Repeat exactly the lines of the material below that run from the "повреждают поверхность. |" line to the "크로커다일 남성용 니트 스웨터 남성용 M 멀티 보더 울 혼방" line, including both, and do not carry over any pictures.

── Data extract

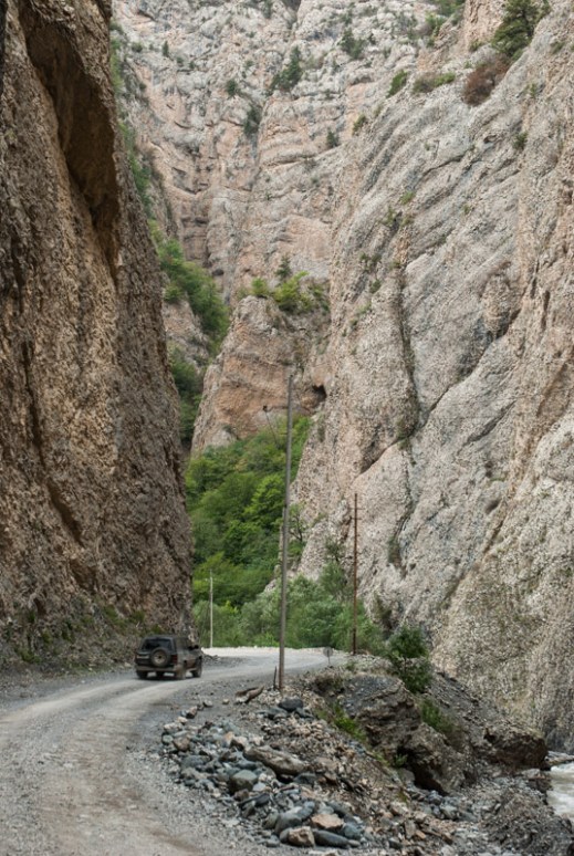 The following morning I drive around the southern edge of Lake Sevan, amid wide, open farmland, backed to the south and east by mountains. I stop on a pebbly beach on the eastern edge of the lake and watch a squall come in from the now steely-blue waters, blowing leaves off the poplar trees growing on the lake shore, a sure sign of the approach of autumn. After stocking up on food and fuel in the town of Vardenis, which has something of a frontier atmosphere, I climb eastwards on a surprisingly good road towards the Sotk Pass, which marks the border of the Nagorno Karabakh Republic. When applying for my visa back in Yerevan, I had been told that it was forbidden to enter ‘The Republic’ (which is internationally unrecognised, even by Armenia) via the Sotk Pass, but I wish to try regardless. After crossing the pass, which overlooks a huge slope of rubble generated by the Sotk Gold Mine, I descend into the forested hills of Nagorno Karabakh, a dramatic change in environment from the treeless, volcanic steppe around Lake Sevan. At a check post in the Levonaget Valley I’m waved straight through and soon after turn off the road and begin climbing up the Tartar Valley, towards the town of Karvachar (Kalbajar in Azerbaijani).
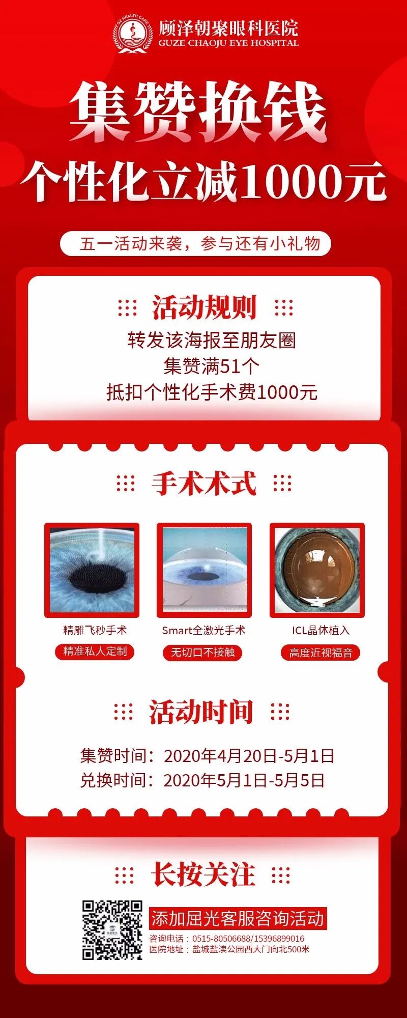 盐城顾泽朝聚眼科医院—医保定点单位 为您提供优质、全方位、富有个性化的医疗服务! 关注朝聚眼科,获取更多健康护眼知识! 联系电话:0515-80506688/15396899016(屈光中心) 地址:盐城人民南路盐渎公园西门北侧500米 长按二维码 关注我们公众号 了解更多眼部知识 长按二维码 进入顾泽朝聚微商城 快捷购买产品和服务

────
── Data extract

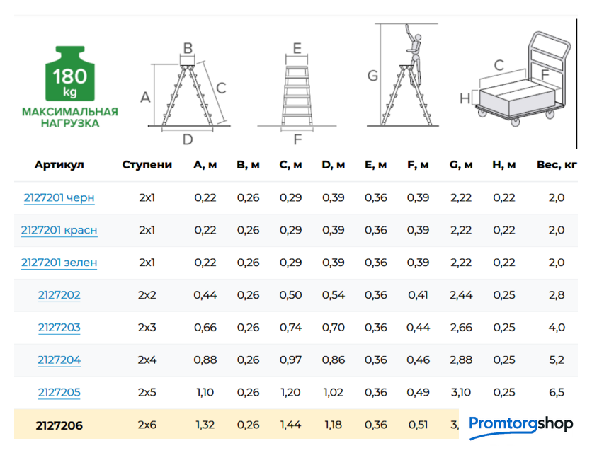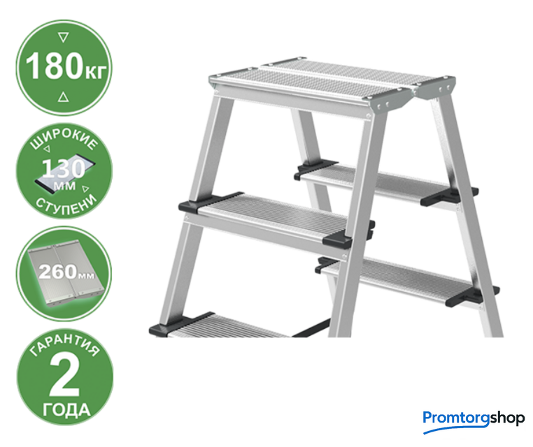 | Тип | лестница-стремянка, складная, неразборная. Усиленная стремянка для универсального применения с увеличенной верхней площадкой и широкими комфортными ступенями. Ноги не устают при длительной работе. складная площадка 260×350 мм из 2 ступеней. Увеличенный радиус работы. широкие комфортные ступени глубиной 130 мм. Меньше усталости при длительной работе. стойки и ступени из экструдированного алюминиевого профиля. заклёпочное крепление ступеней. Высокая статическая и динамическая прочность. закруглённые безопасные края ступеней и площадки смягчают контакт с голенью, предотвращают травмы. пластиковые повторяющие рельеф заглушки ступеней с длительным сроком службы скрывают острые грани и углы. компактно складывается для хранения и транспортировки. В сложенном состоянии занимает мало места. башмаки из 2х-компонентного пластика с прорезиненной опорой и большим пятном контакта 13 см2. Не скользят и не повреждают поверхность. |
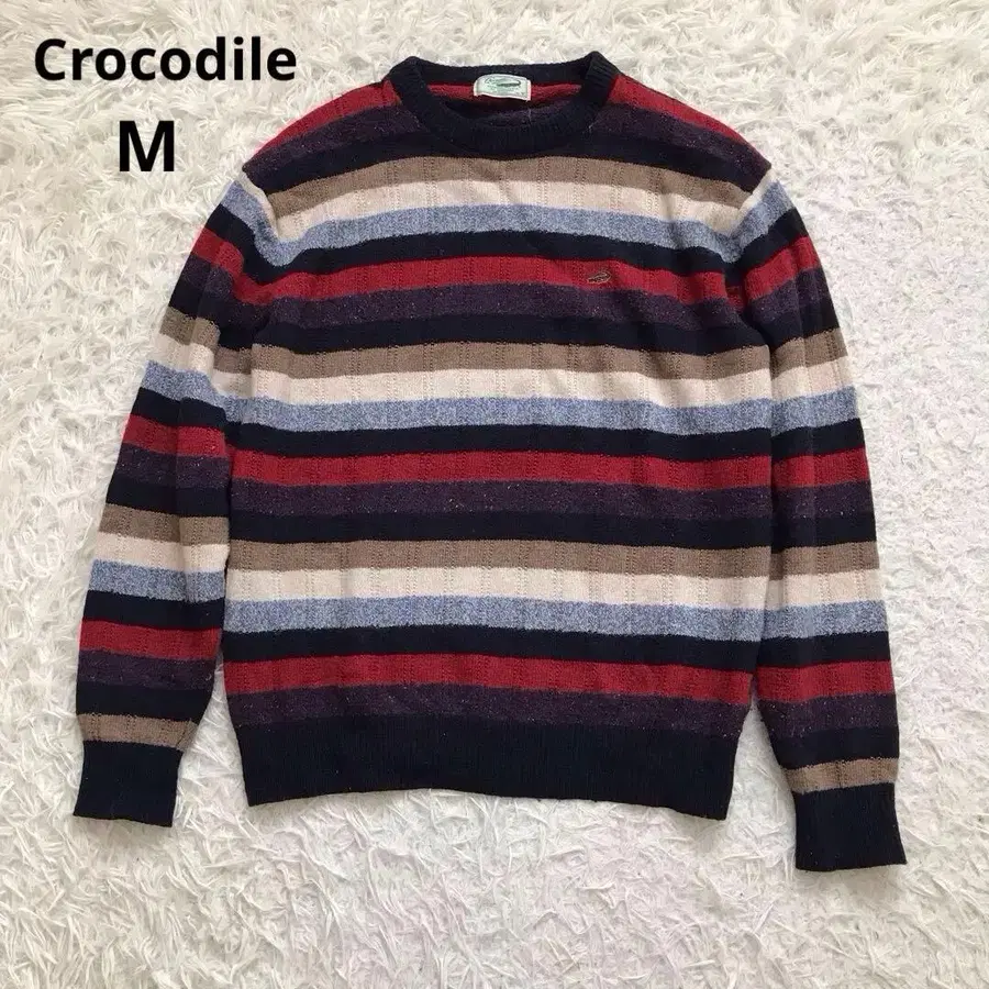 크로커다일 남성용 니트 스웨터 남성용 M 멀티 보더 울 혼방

────

• [Exercise result]:
 | Тип | лестница-стремянка, складная, неразборная. Усиленная стремянка для универсального применения с увеличенной верхней площадкой и широкими комфортными ступенями. Ноги не устают при длительной работе. складная площадка 260×350 мм из 2 ступеней. Увеличенный радиус работы. широкие комфортные ступени глубиной 130 мм. Меньше усталости при длительной работе. стойки и ступени из экструдированного алюминиевого профиля. заклёпочное крепление ступеней. Высокая статическая и динамическая прочность. закруглённые безопасные края ступеней и площадки смягчают контакт с голенью, предотвращают травмы. пластиковые повторяющие рельеф заглушки ступеней с длительным сроком службы скрывают острые грани и углы. компактно складывается для хранения и транспортировки. В сложенном состоянии занимает мало места. башмаки из 2х-компонентного пластика с прорезиненной опорой и большим пятном контакта 13 см2. Не скользят и не повреждают поверхность. |
 크로커다일 남성용 니트 스웨터 남성용 M 멀티 보더 울 혼방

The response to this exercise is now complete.